§ Stored data entries:
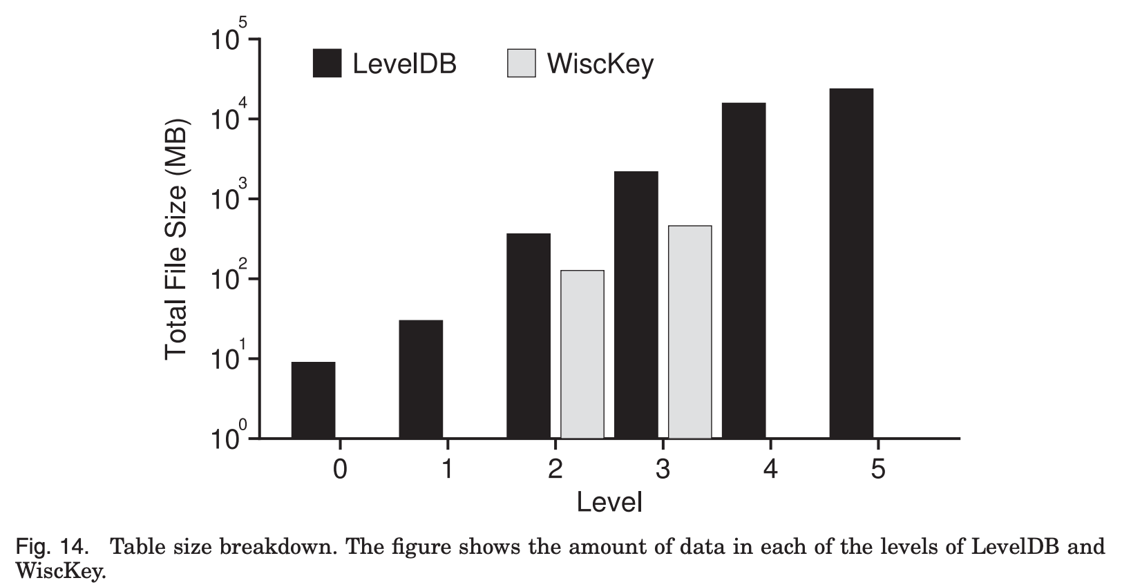 LevelDB의 LSM tree가 6개 level에 걸쳐서 총 100GB의 크기를 보이는 반면,
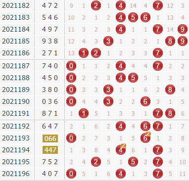 近30期里号码0-9出现开出频次分别为:号码0出现8次,号码1出现9次,号码2出现9次,号码3出现9次,号码4出现13次,号码5出现4次,号码6出现11次,号码7出现13次,号码8出现4次,号码9出现4次。一般来说,表现最冷的三码:5、8、9不会同时出现,本期杀一码:9;表现最热的两码:4、7中一般会出现奖号,那么剩下的表现比较一般的可以选择几个排除,从走势来看,可以排除:1 3
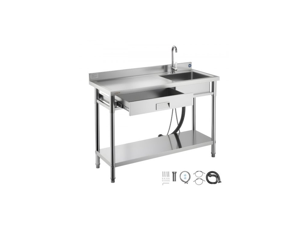 Nerezový kuchyňský dřez VEVOR, kolečkový dřez s jednou mísou a zásuvkou, kohoutkem a potrubím na teplou a studenou vodu, umyvadlo do garáže, restaurace, prádelny, 1200 x 500 x 940 mm
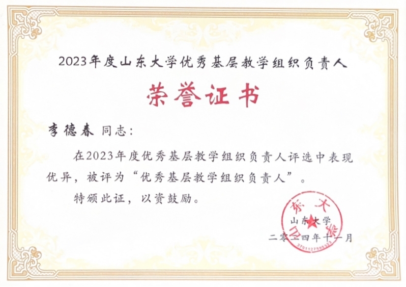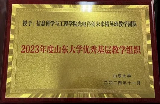 在taptap点点体育组织的“2023年度优秀基层教学组织及优秀基层教学组织负责人”评选中,我院光电科创未来精英班教学团队以其扎实的表现,荣获“taptap点点体育优秀基层教学组织”荣誉称号,李德春教授获评“taptap点点体育优秀基层教学组织负责人”。
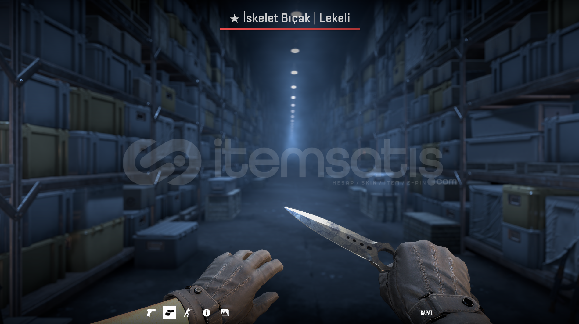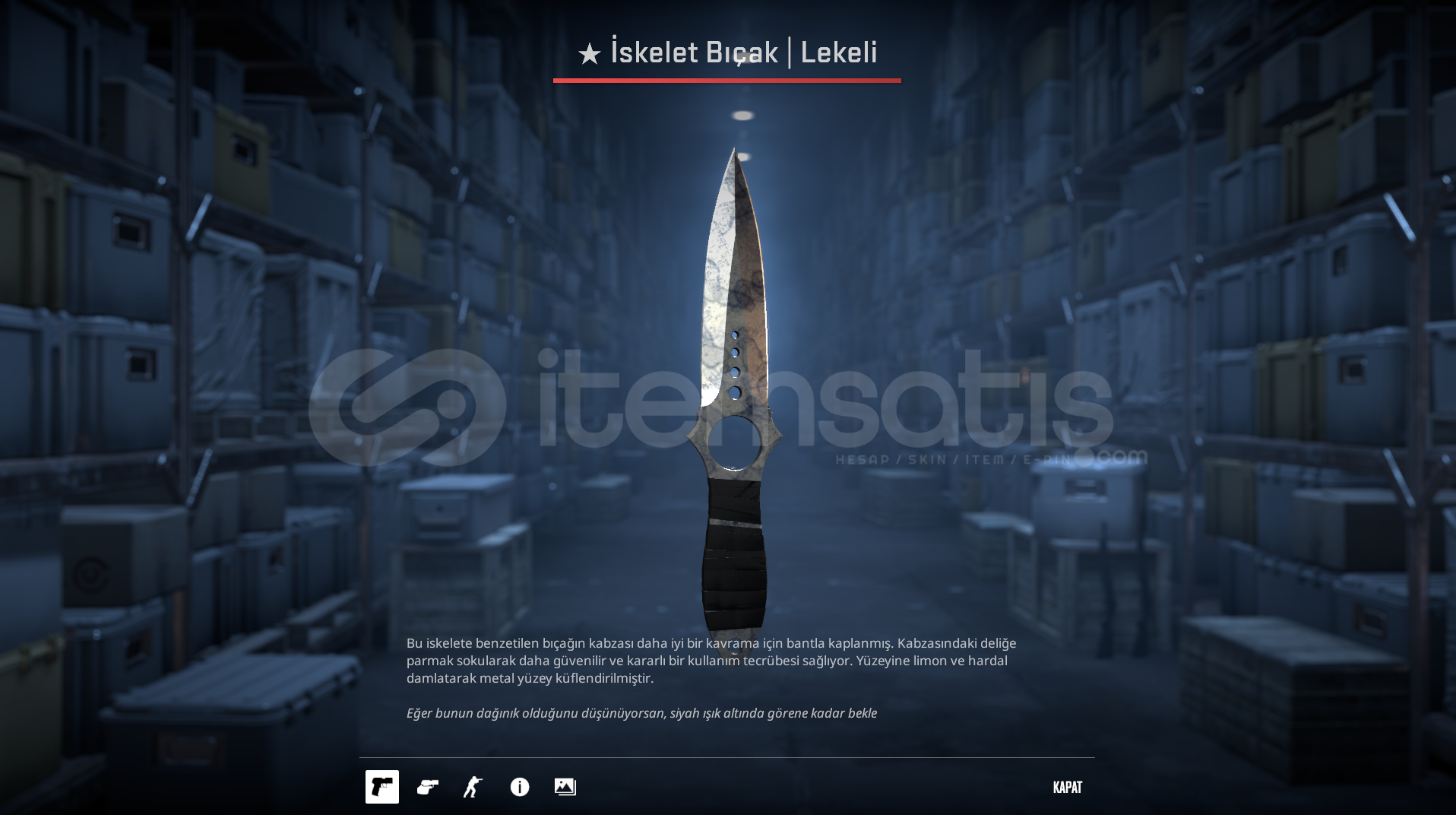 Bu iskelete benzetilen bıçağın kabzası daha iyi bir kavrama için bantla kaplanmış. Kabzasındaki deliğe parmak sokularak daha güvenilir ve kararlı bir kullanım tecrübesi sağlıyor. Yüzeyine limon ve hardal damlatarak metal yüzey küflendirilmiştir. Eğer bunun dağınık olduğunu düşünüyorsan, siyah ışık altında görene kadar b...
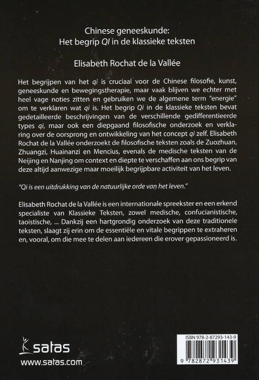 Het begrijpen van het Qi is cruciaal voor de Chinese filosofie, kunst, geneeskunde en bewegingstherapie, maar vaak blijven we echter met heel vage noties zitten en gebruiken we de algemene term "energie" om te verklaren watqiis. Het begrip Qi in de klassieke teksten bevat gedetailleerde beschrijvingen van de verschillende gedifferentieerde types Qi, maar ook een diepgaand filosofische onderzoek en verklaring over de oorsprong en ontwikkeling van het concept Qi zelf. Elisabeth Rochat de la Vallée onderzoekt de filosofische teksten zoals de Zuozhuan, Zhuangzi, Huainanzi en Mencius, evenals de medische teksten van de Neijing en Nanjing om context en diepte te verschaffen aan ons begrip van deze altijd aanwezige maar moeilijk begrijpbare activiteit van het leven.
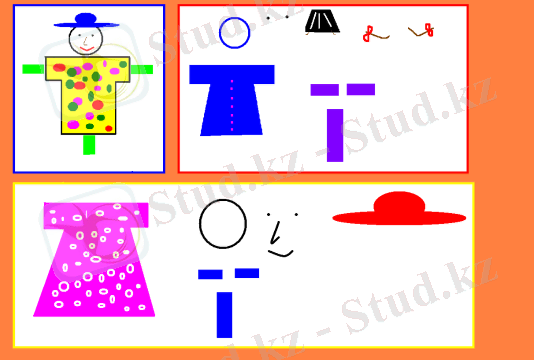 2. «Бөгде планеталықтар» Геометриялық фигуралардан (шеңбер, тік төртбұрыш, үшбұрыш, шаршы, эллипс) композиция құр. Фигураларды бұруға және еңкейтуге болады.
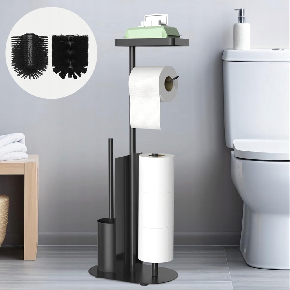 ✅Завдяки дизайну 4-в-1 він поєднує в собі верхню полицю для зберігання, тримач для туалетного паперу, туалетну щітку та запасний тримач для туалетного паперу.
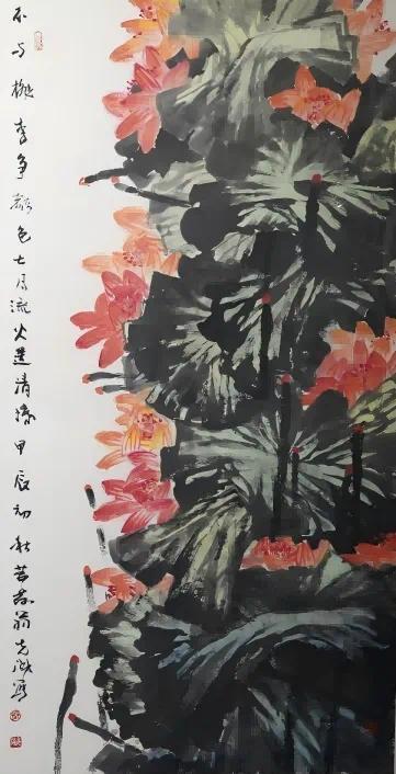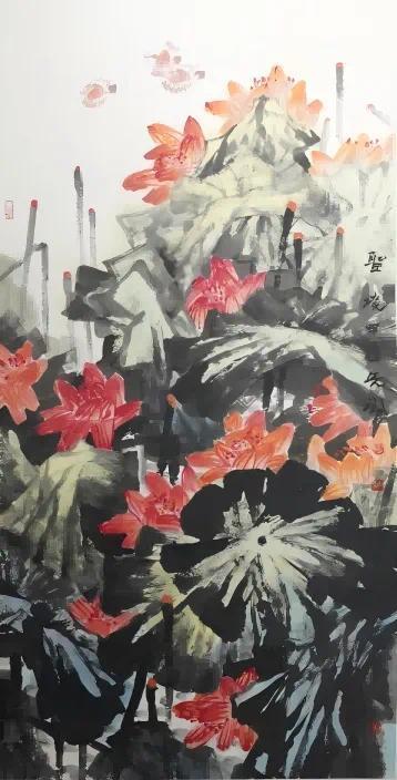 这幅作品是赵先闻“传统现代转化”艺术理念的凝练呈现。他大胆突破文人画的水墨范式,以浓烈的红橙色调塑造荷花主体,在视觉上形成强烈冲击;墨色荷叶以丰富的浓淡层次铺陈,宛如“墨分五色”美学的当代演绎。在构图上,画面饱满却无窒碍,荷花、荷叶与荷梗的排布暗含现代构成逻辑,既延续了传统花鸟画的自然生机,又赋予画面以结构性的视觉张力。

§ Exercise details: Once the line with "近30期里号码0-9出现开出" is found above, print it and every line after it through the line with "Bu iskelete benzetilen", exactly. Pictures stay out.

§ Output for this exercise:
 近30期里号码0-9出现开出频次分别为:号码0出现8次,号码1出现9次,号码2出现9次,号码3出现9次,号码4出现13次,号码5出现4次,号码6出现11次,号码7出现13次,号码8出现4次,号码9出现4次。一般来说,表现最冷的三码:5、8、9不会同时出现,本期杀一码:9;表现最热的两码:4、7中一般会出现奖号,那么剩下的表现比较一般的可以选择几个排除,从走势来看,可以排除:1 3
 Nerezový kuchyňský dřez VEVOR, kolečkový dřez s jednou mísou a zásuvkou, kohoutkem a potrubím na teplou a studenou vodu, umyvadlo do garáže, restaurace, prádelny, 1200 x 500 x 940 mm
 在taptap点点体育组织的“2023年度优秀基层教学组织及优秀基层教学组织负责人”评选中,我院光电科创未来精英班教学团队以其扎实的表现,荣获“taptap点点体育优秀基层教学组织”荣誉称号,李德春教授获评“taptap点点体育优秀基层教学组织负责人”。
 Bu iskelete benzetilen bıçağın kabzası daha iyi bir kavrama için bantla kaplanmış. Kabzasındaki deliğe parmak sokularak daha güvenilir ve kararlı bir kullanım tecrübesi sağlıyor. Yüzeyine limon ve hardal damlatarak metal yüzey küflendirilmiştir. Eğer bunun dağınık olduğunu düşünüyorsan, siyah ışık altında görene kadar b...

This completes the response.